# Task statement
Print back each record unchanged, without pictures.

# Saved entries
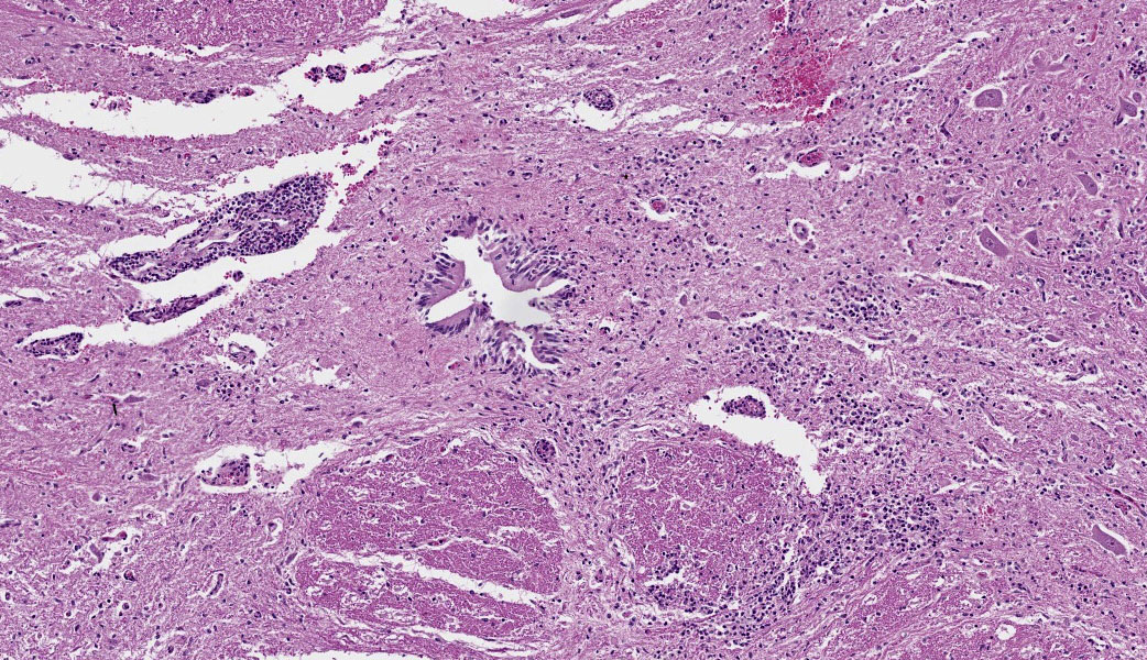 Brain, cerebellum and brainstem: In the brainstem gray matter, there are random multifocal, mild to moderate, variably discrete, infiltrates of hypersegmented and fragmented neutrophils, admixed with fewer mononuclear cells, consistent with microabscesses. Brainstem neurons within and adjacent to the neutrophilic infiltrates are pale, with central chromatolysis, consistent with neuronal degeneration. There are scattered microglial cells, mild gray matter spongiosis and infrequent microhemorrhages. Scattered blood vessels are lined by plump endothelial cells and have perivascular mild infiltrates of predominantly lymphocytes, with fewer neutrophils (perivascular cuffs). The cerebellar leptomeninges are multifocally, mildly infiltrated by predominantly lymphocytes, with fewer admixed neutrophils.
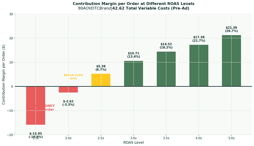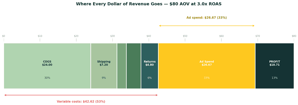 Let's run the math for a typical DTC brand at $80 AOV running at 3.0x ROAS:
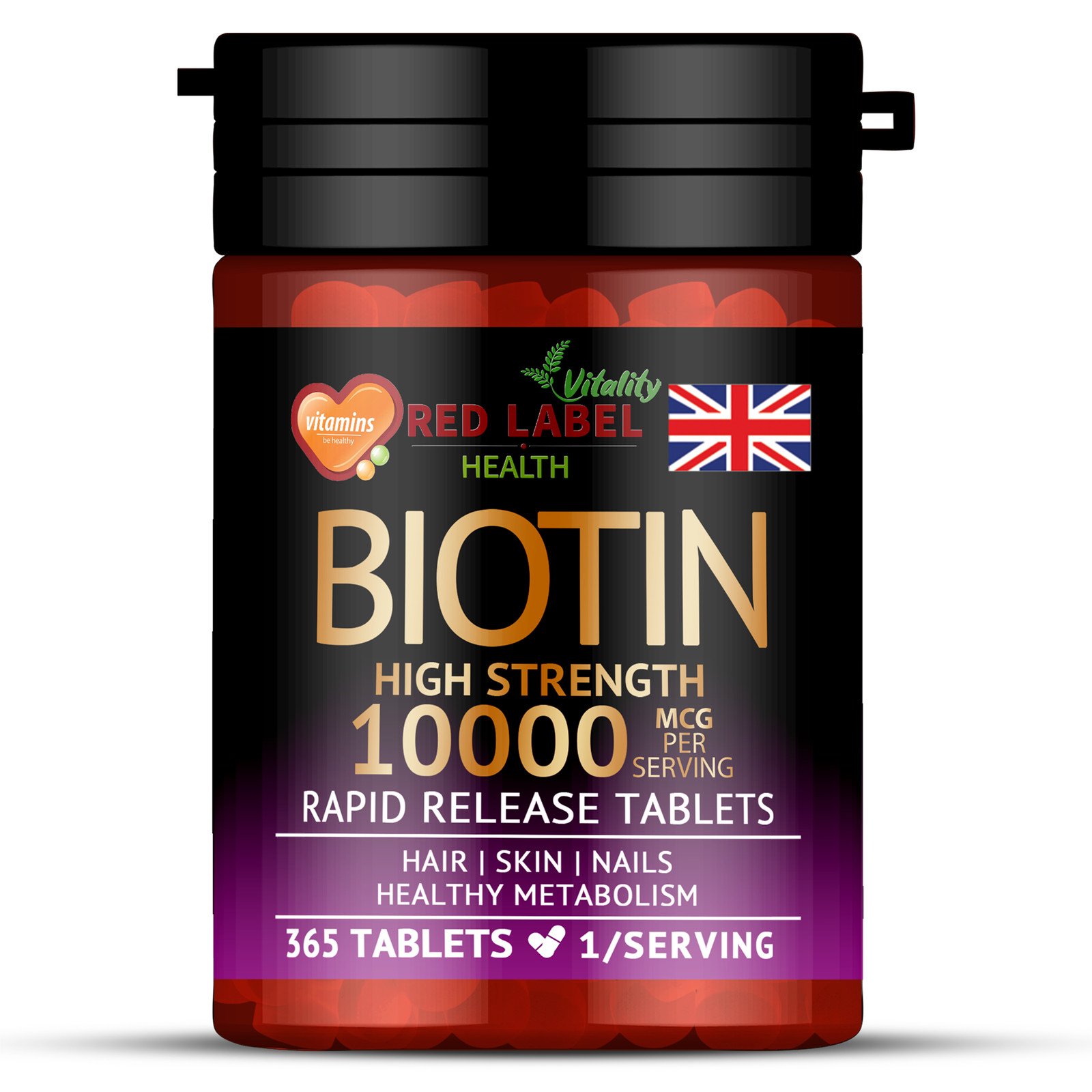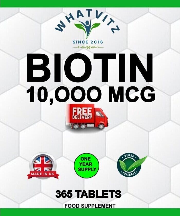 BIOTIN 10,000mcg - 365 TABLETS. MAX STRENGTH. HEALTHY HAIR, SKIN & NAIL GROWTH
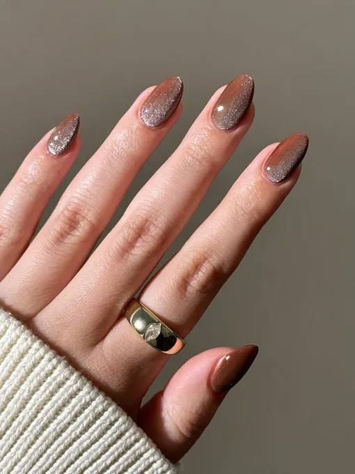 Даже самый светлый глиттер будет смотреться круто на шоколаде. Главное тут правильно все нанести! Советую выбрать «кошачий глаз», чтобы блеск был деликатным и необычным.
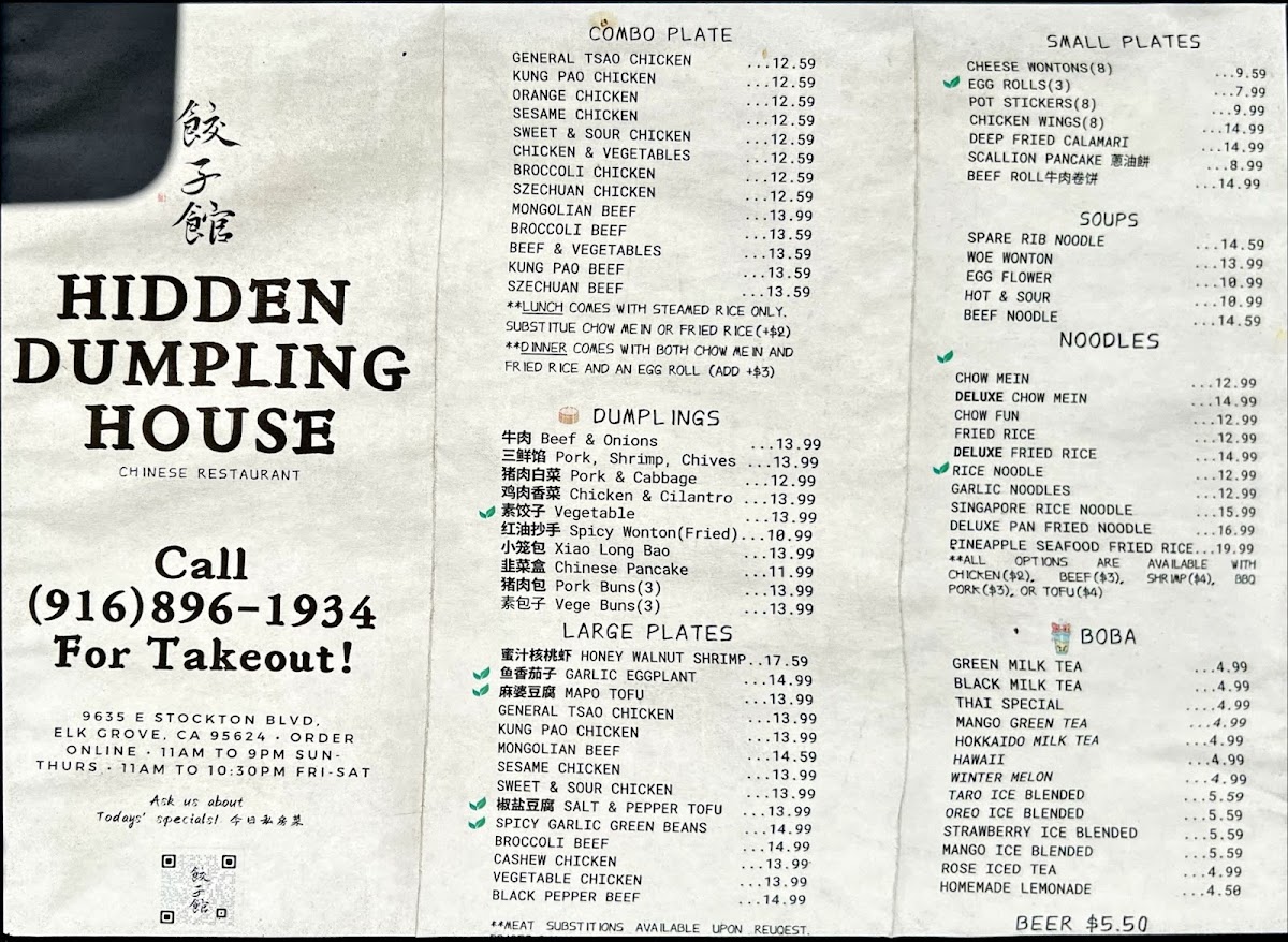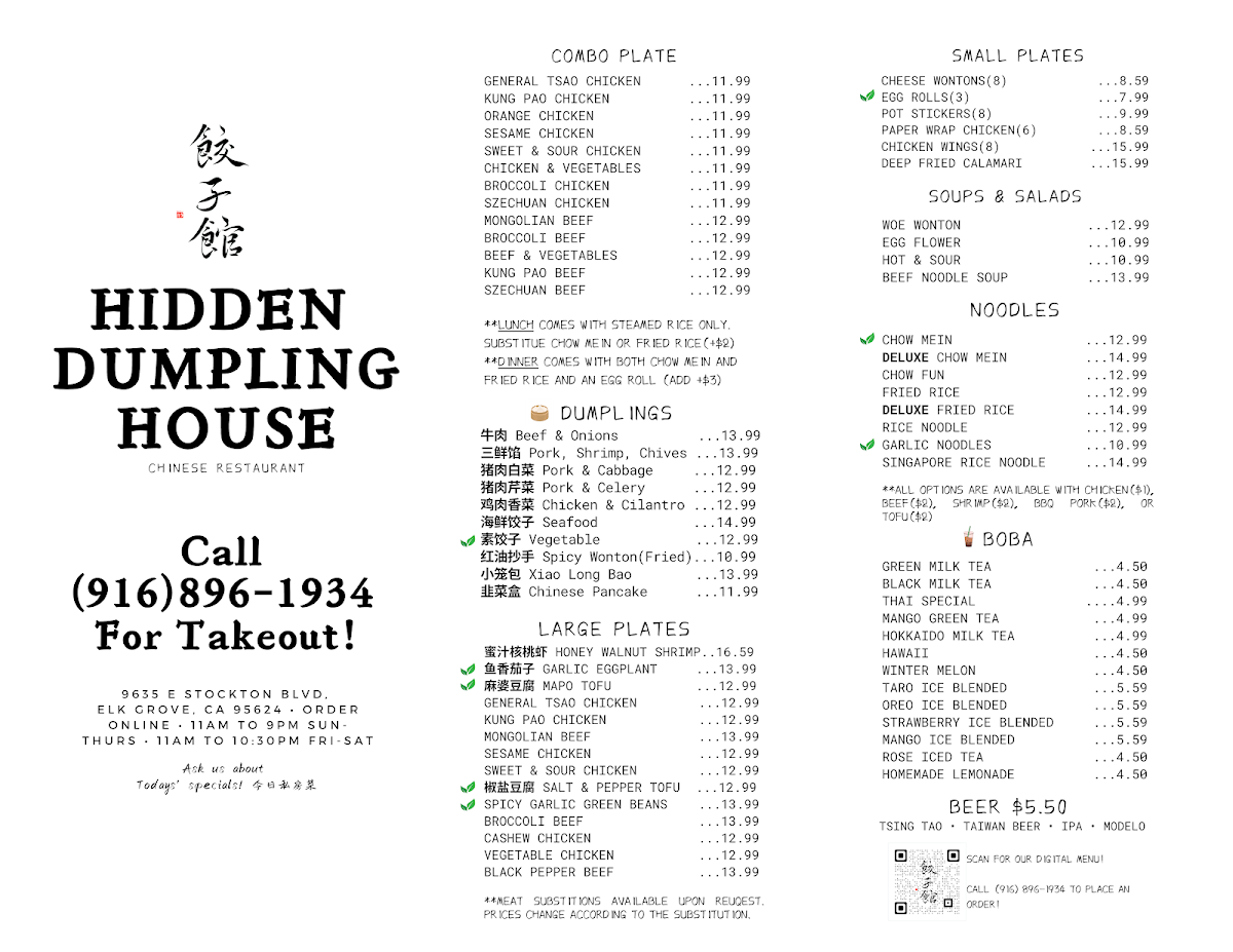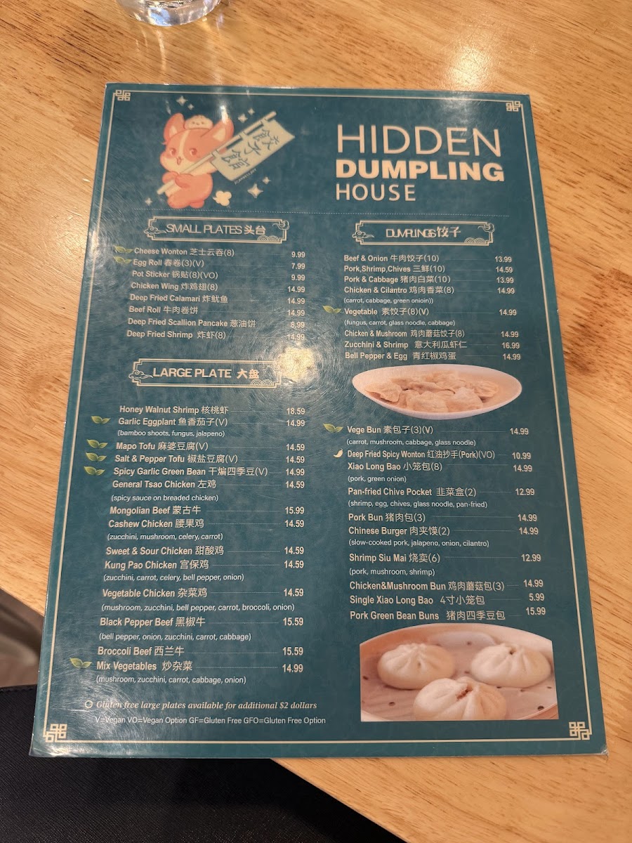Hidden Dumpling House Menu

# Exercise result
 Brain, cerebellum and brainstem: In the brainstem gray matter, there are random multifocal, mild to moderate, variably discrete, infiltrates of hypersegmented and fragmented neutrophils, admixed with fewer mononuclear cells, consistent with microabscesses. Brainstem neurons within and adjacent to the neutrophilic infiltrates are pale, with central chromatolysis, consistent with neuronal degeneration. There are scattered microglial cells, mild gray matter spongiosis and infrequent microhemorrhages. Scattered blood vessels are lined by plump endothelial cells and have perivascular mild infiltrates of predominantly lymphocytes, with fewer neutrophils (perivascular cuffs). The cerebellar leptomeninges are multifocally, mildly infiltrated by predominantly lymphocytes, with fewer admixed neutrophils.
 Let's run the math for a typical DTC brand at $80 AOV running at 3.0x ROAS:
 BIOTIN 10,000mcg - 365 TABLETS. MAX STRENGTH. HEALTHY HAIR, SKIN & NAIL GROWTH
 Даже самый светлый глиттер будет смотреться круто на шоколаде. Главное тут правильно все нанести! Советую выбрать «кошачий глаз», чтобы блеск был деликатным и необычным.
Hidden Dumpling House Menu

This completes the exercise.